Made it to the tunnel

Published: Monday, 14 June 2010

THE Chesterfield Canal Trust's Learning Boat, Python, made it right to the entrance of the disused Norwood Tunnel last Friday (13th June).

Being sealed-up this is the current Head of Navigation of the Chesterfield Canal. It was accompanied by Phoenix, another narrowboat owned by Trust member Mick Cheshire, Rod Auton tells us.

The journey started at Shireoaks Marina. It went through the 23 locks of the Turnerwood and Thorpe flights that were reopened following restoration in 2003. The last half mile however from Kiveton Park Station to the mouth of Norwood Tunnel was through dense undergrowth and very thick weed, but it arrived safely.

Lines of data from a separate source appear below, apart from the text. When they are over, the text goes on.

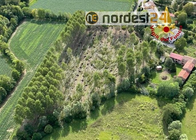 Le immagini mostrano anche alcune zone boscate del territorio fortemente danneggiate dal vento, con numerosi alberi abbattuti.
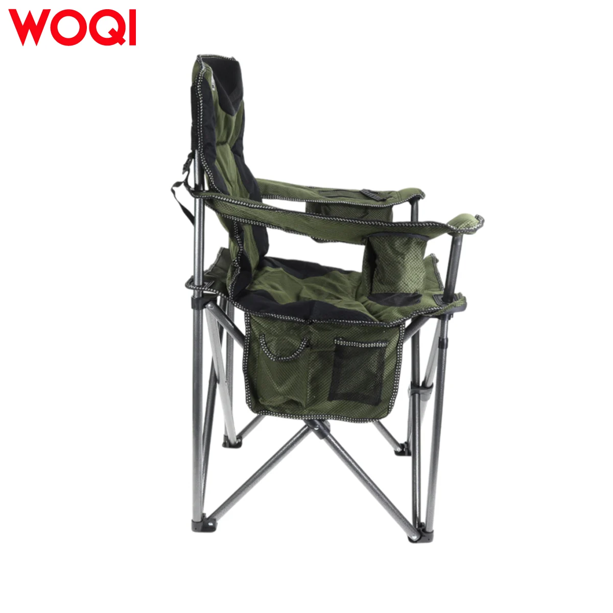 【Camping Chair – Four-in-One Storage and Cooling Function】Includes a mesh cup holder (for water cups/bottles), an oversized side storage pocket (for phones/books), an Oxford fabric cooler bag that holds 6 cans of beverages (to keep drinks cold), and a foldable carrying bag for easy transport – a must-have for camping.
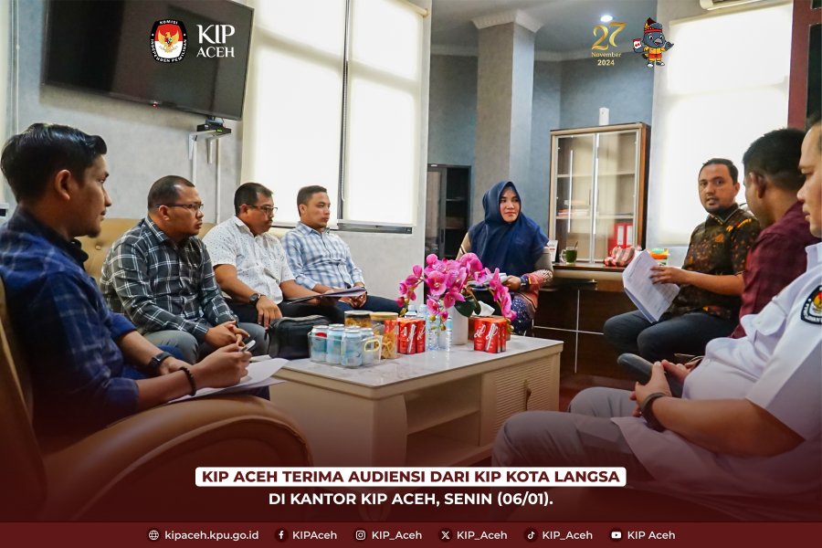 Saleum #TemanPemilih Komisi Independen Pemilihan (KIP) Aceh menerima kunjungan audiensi dari KIP Kota Langsa di kantor KIP Aceh pada Senin (06/01). Kunjungan ini diterima langsung oleh Plh. Ketua KIP Aceh, Khairunnisak, bersama Ketua Divisi Hukum dan Pengawasan KIP Aceh, Ahmad Mirza Safwandy.
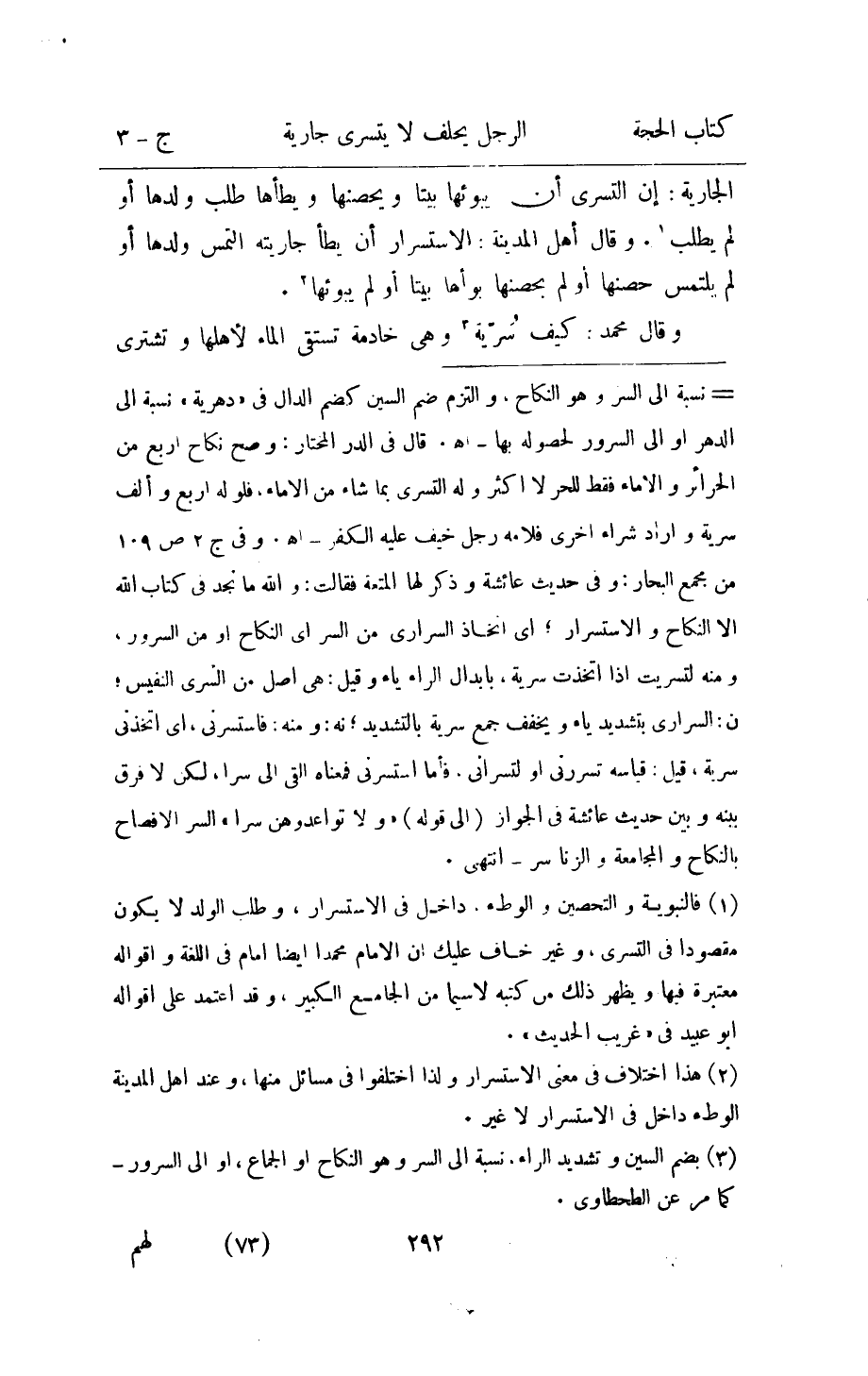 الْجَارِيَة ان التسرى ان يبوئها بَيْتا ويحصنها ويطأها طلب وَلَدهَا اَوْ لم يطْلب وَقَالَ اهل الْمَدِينَة الاستسرار ان يطَأ جَارِيَته التمس وَلَدهَا اَوْ لم يلْتَمس حصنها اَوْ لم يحصنها بوأها بَيْتا أَو لم يبوئها

A passenger for the first part of the trip was Sean McGinley, the Area Manager for British Waterways from whom Python is leased. He was keen to ensure that it could negotiate the locks properly because it has been stuck in Stret Lock and Shireoaks Middle Lock on previous occasions.

Python is a coppered steel construction craft built by Yarwoods in Northwich and fitted out at Uxbridge. She was commissioned in February 1930. Her fleet number was 249 and her registration number was UXB 572. She came into the hands of the British Transport Commission (which eventually became British Waterways) in 1949. They shortened her in the 1980s to her current 53'. She had been out of service for a year before the Trust took her over last year. Her sister boat, Panther, is owned by the Coventry Canal Society.

Nine miles gap

The Trust is campaigning to restore the nine mile gap in the canal from the Norwood Tunnel to the five miles of open canal from Staveley to Chesterfield. This would enable boats from the Trent to cruise all the way into the proposed new £310m Waterside development which is a stone's throw from Chesterfield town centre.

Python's next big public appearance will be in the build up to the Chesterfield Canal Trust's Festival at Worksop on 17th and 18th July.